3.3.2.2 Generative AI

How does this type of predictive analytics and machine learning (PAML) relate to generative AI?

3.3.3 Discussion questions from PA video/slides

How can predictive/learning analytics help you in your own work as an educator or at your organization/institution? What predictions would be useful for you to make?
How can you leverage data that your institution already collects (or that it is well-positioned to collect) using predictive analytic methods?
What would be the benefits and detriments of incorporating predictive analytics into your institution’s practices and processes?
Could predictive analysis complement any already-ongoing initiatives at your institution?
What would the ethical implications be of using predictive analytics at your institution? Would it cause unfair discrimination against particular learners? Would it help level the playing field for all learners?

3.3.4 Goal 2: Practice the PA process using simple examples (if time permits)

To achieve this goal, we will go through the Worksheet Packet used in the 2024 Quantitative Methods Workshop in the HE-942 seminar course. These are available in this week’s content module in D2L under the title “Worksheets for quantitative methods workshop from Anshul Kumar.”

3.3.5 Goal 3: Generate and discuss PA research questions (if time permits)

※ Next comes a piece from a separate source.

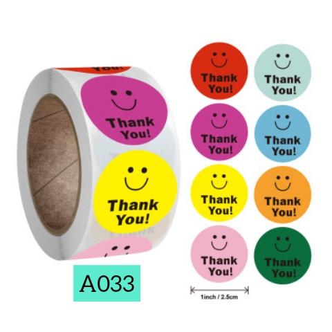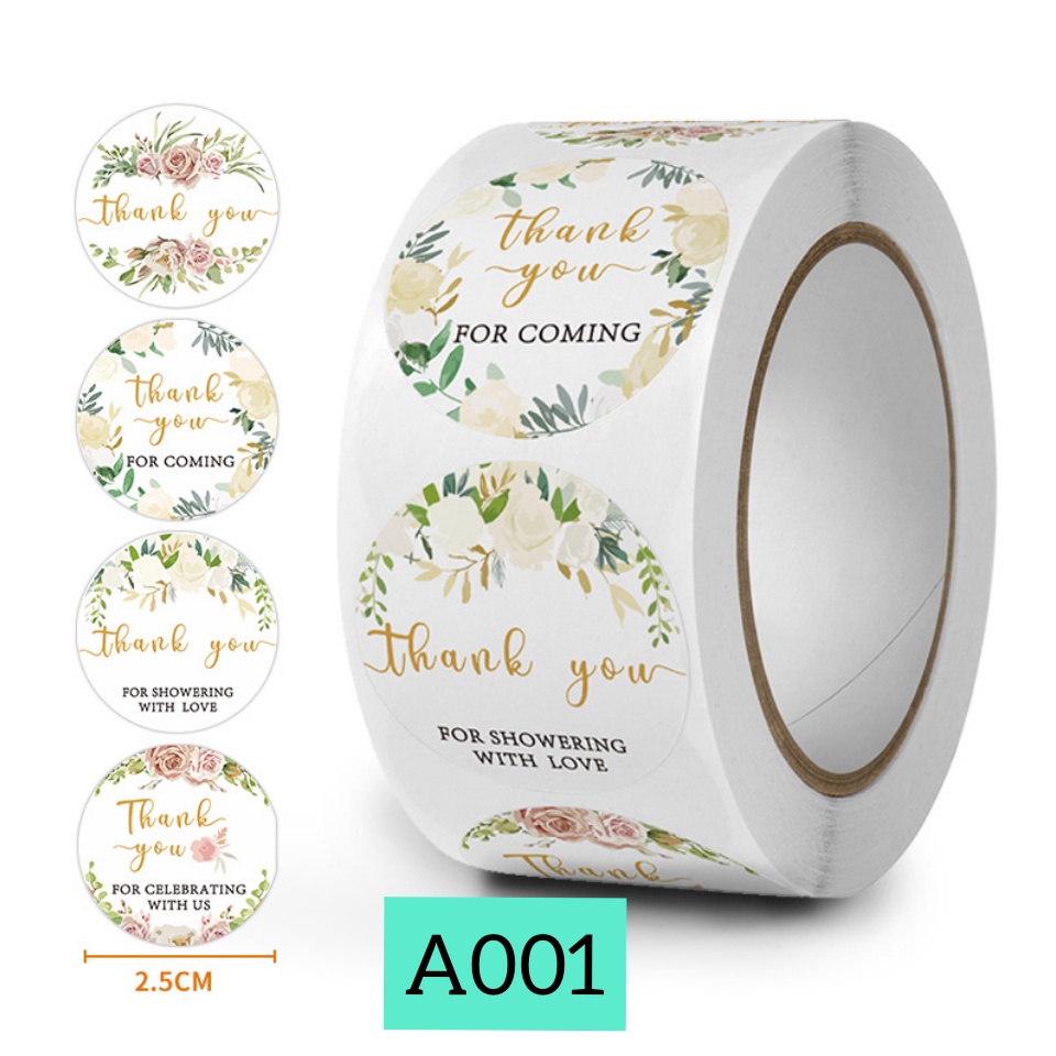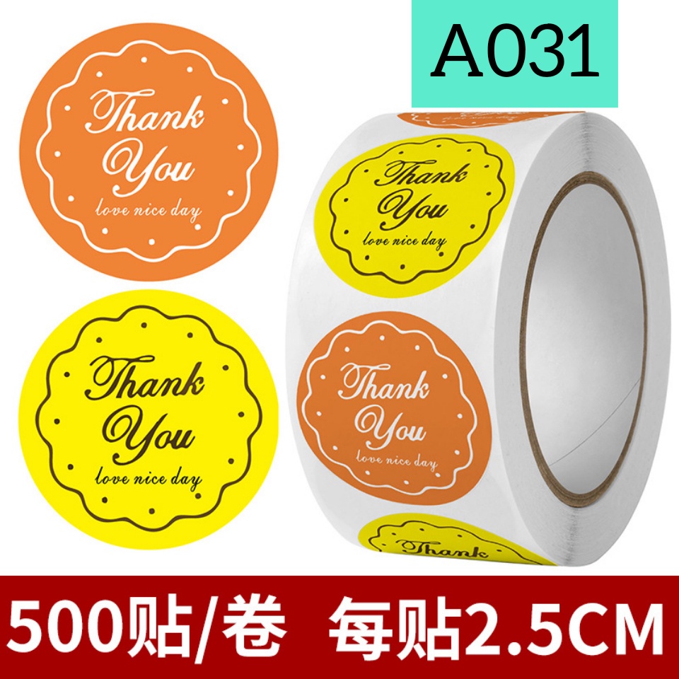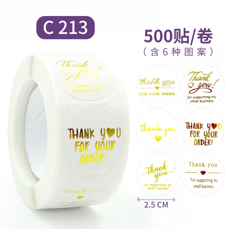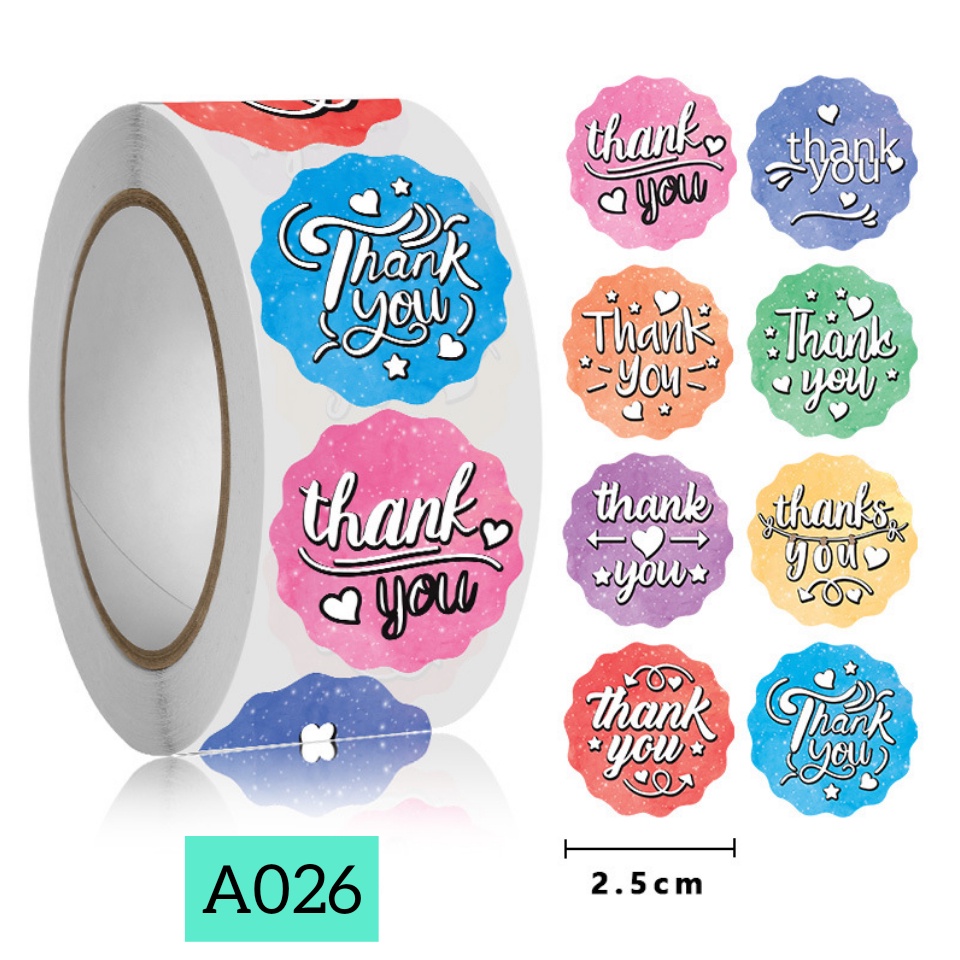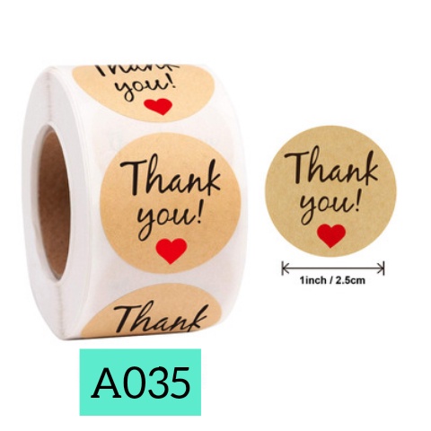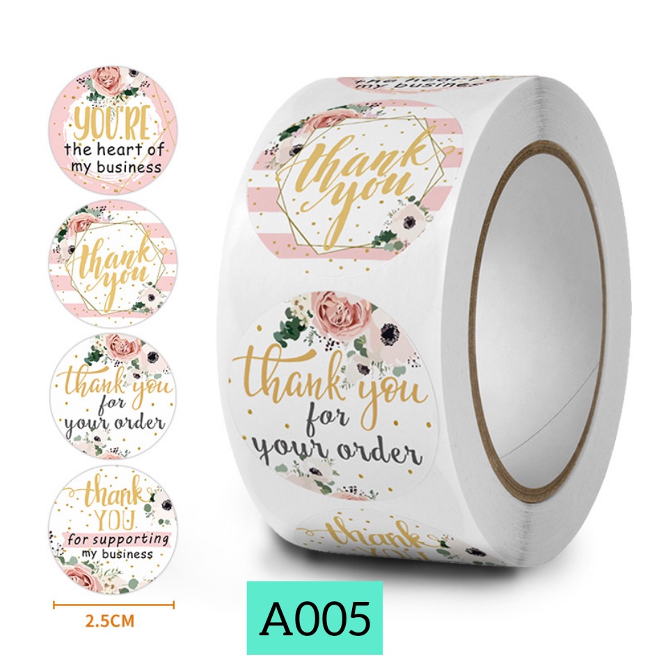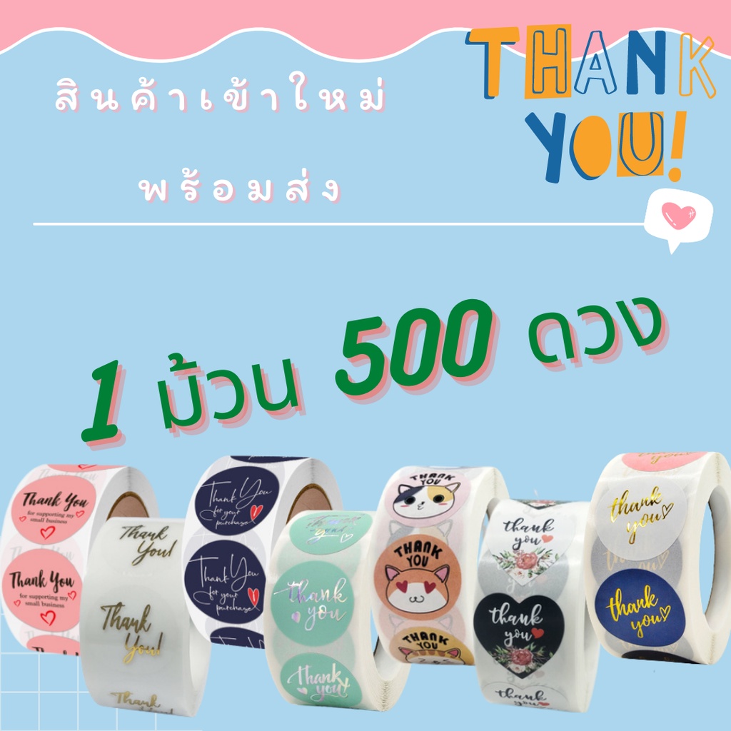 สติ๊กเกอร์พิมพ์ลายขอบคุณ Thank you handmade สติ๊กเกอร์ติดสินค้า ขนาด 2.5 เซนติเมตร 500ดวง

Discuss how PA can practically be used in HPEd and/or healthcare, especially in the settings in which we all work.
Generate research questions for using PA in HPEd.
Share and discuss answers to Task 16 in Week 1 discussions. Task 16: Find a case or example in the Ekowo & Palmer (2016) report that shows a way in which you wish that you could potentially use analytics within your own work or at your own institution. How is it (the case/example) similar to what you would like to do? How is it different?

3.5 Session 3: Machine Learning in R

During this session, we will work together to complete and discuss the machine learning tutorial below.

3.5.1 Goals

Practice using decision tree and logistic regression models to predict which students are going to pass or fail, using the student-por.csv data.
Fine-tune predictive models.
Compare the results of different predictive models and choose the best one.
Brainstorm about how the predictions would be used in an educational setting.

3.5.2 Important reminders

Anywhere you see the word MODIFY is one place where you might consider making changes to the code.
If you are not certain about any interpretations of results—especially confusion matrices, accuracy, sensitivity, and specificity—stop and ask an instructor for assistance.

For most of this tutorial, you will run the code below in an R script or R markdown file in RStudio on your own computer. You will also make minor modifications to this code.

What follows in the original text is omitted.